### Given data

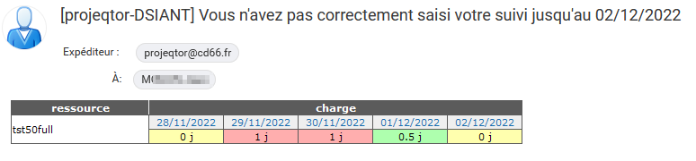In the global parameters the system is set up to send an email to the ressources that did not submit a full timesheet with the option « Oui, contrôlé globalement sur la période
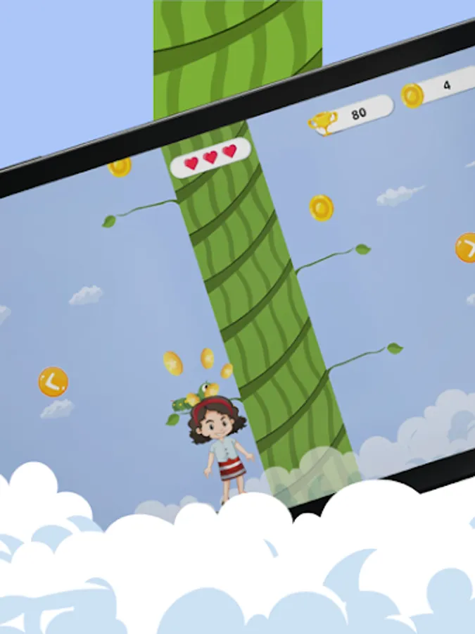 The user will be able to increase his awareness and speed of intuition, as well as increase his concentration in order to collect the largest number of coins by climbing the pea tree and insisting not to fall from the trunks of the tree
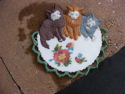 RARE OPAQUE MILK GLASS 3 CATS PLAQUE/PICTURE VICTORIAN WHITE MILKGLASS OLD 1890
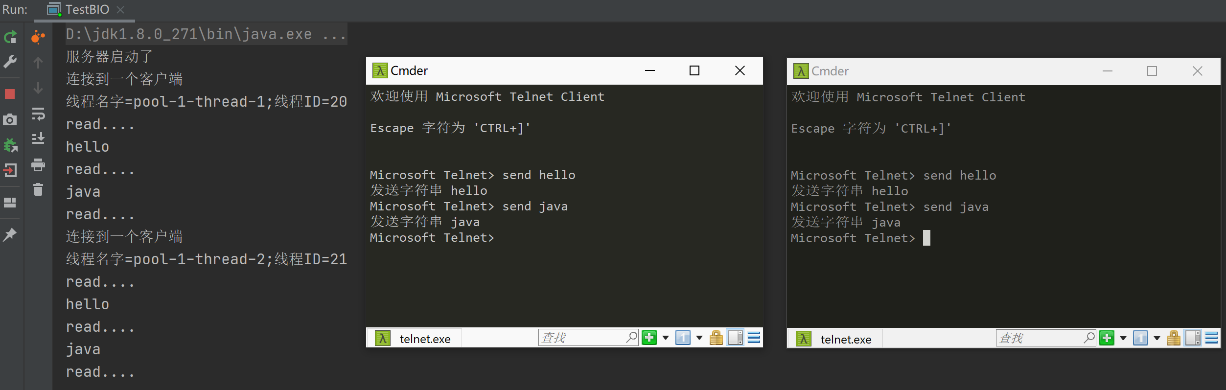 服务器端可以接收客户端发送的数据(telnet方式即可)。
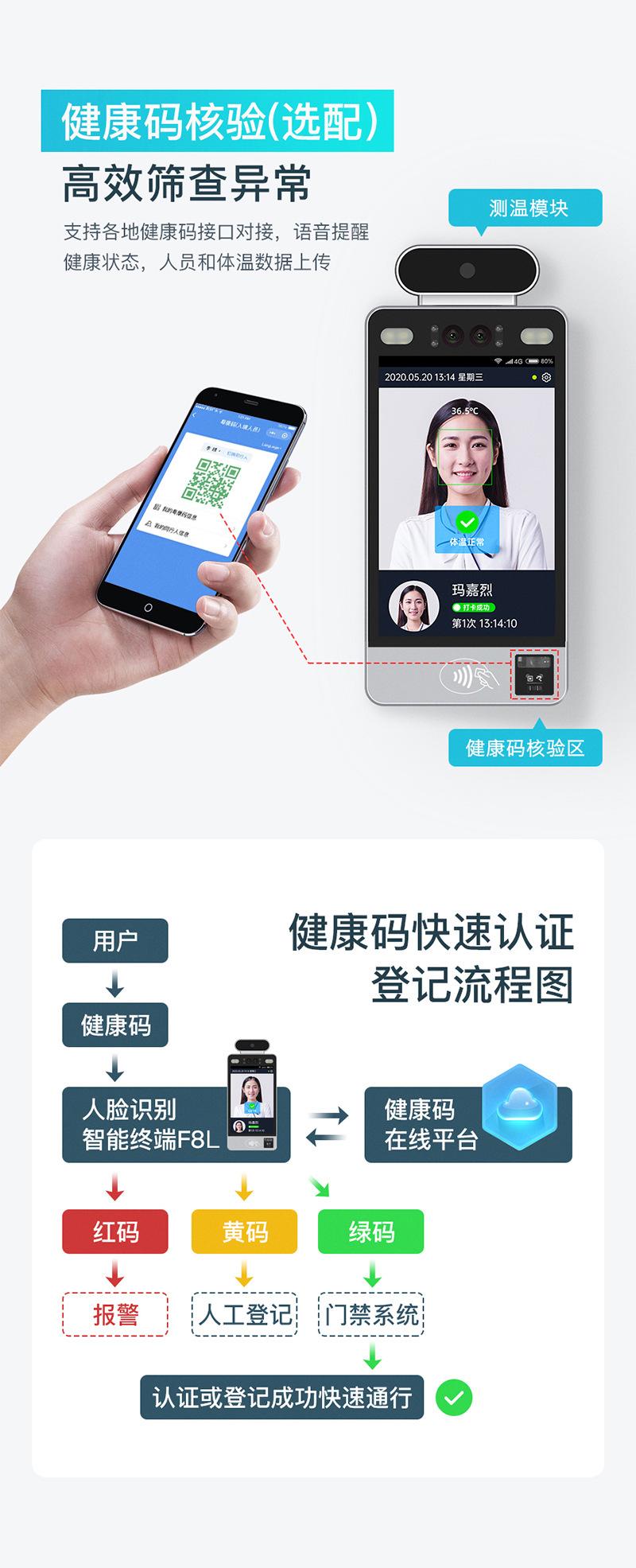 En un momento en que la prevención y el control de epidemias se han convertido en una práctica habitual, los códigos sanitarios se han convertido en un pase para la gestión pública y los organismos de servicios al entrar y salir de comunidades, parques, organismos gubernamentales, hospitales, escuelas, aeropuertos y estaciones de servicio con aglomeraciones. El terminal de control de acceso con código sanitario F8L utiliza el código sanitario de prevención de epidemias para integrar el big data con las necesidades de prevención y control de epidemias en diversos lugares de riesgo. Además, realiza la detección inteligente de temperatura mediante reconocimiento facial, la autenticación del nombre real del documento de identidad y el escaneo del código sanitario nacional para que el personal inspeccionado verifique el acceso. Esto mejora aún más la comodidad de los desplazamientos de los residentes durante la epidemia y utiliza la tecnología para reducir la presión sobre el personal de prevención de epidemias de base.

### Instructions to follow
From the line with "RARE OPAQUE MILK" down to the last line of the entries above, set down every line exactly, apart from the pictures.

### Expected answer
 RARE OPAQUE MILK GLASS 3 CATS PLAQUE/PICTURE VICTORIAN WHITE MILKGLASS OLD 1890
 服务器端可以接收客户端发送的数据(telnet方式即可)。
 En un momento en que la prevención y el control de epidemias se han convertido en una práctica habitual, los códigos sanitarios se han convertido en un pase para la gestión pública y los organismos de servicios al entrar y salir de comunidades, parques, organismos gubernamentales, hospitales, escuelas, aeropuertos y estaciones de servicio con aglomeraciones. El terminal de control de acceso con código sanitario F8L utiliza el código sanitario de prevención de epidemias para integrar el big data con las necesidades de prevención y control de epidemias en diversos lugares de riesgo. Además, realiza la detección inteligente de temperatura mediante reconocimiento facial, la autenticación del nombre real del documento de identidad y el escaneo del código sanitario nacional para que el personal inspeccionado verifique el acceso. Esto mejora aún más la comodidad de los desplazamientos de los residentes durante la epidemia y utiliza la tecnología para reducir la presión sobre el personal de prevención de epidemias de base.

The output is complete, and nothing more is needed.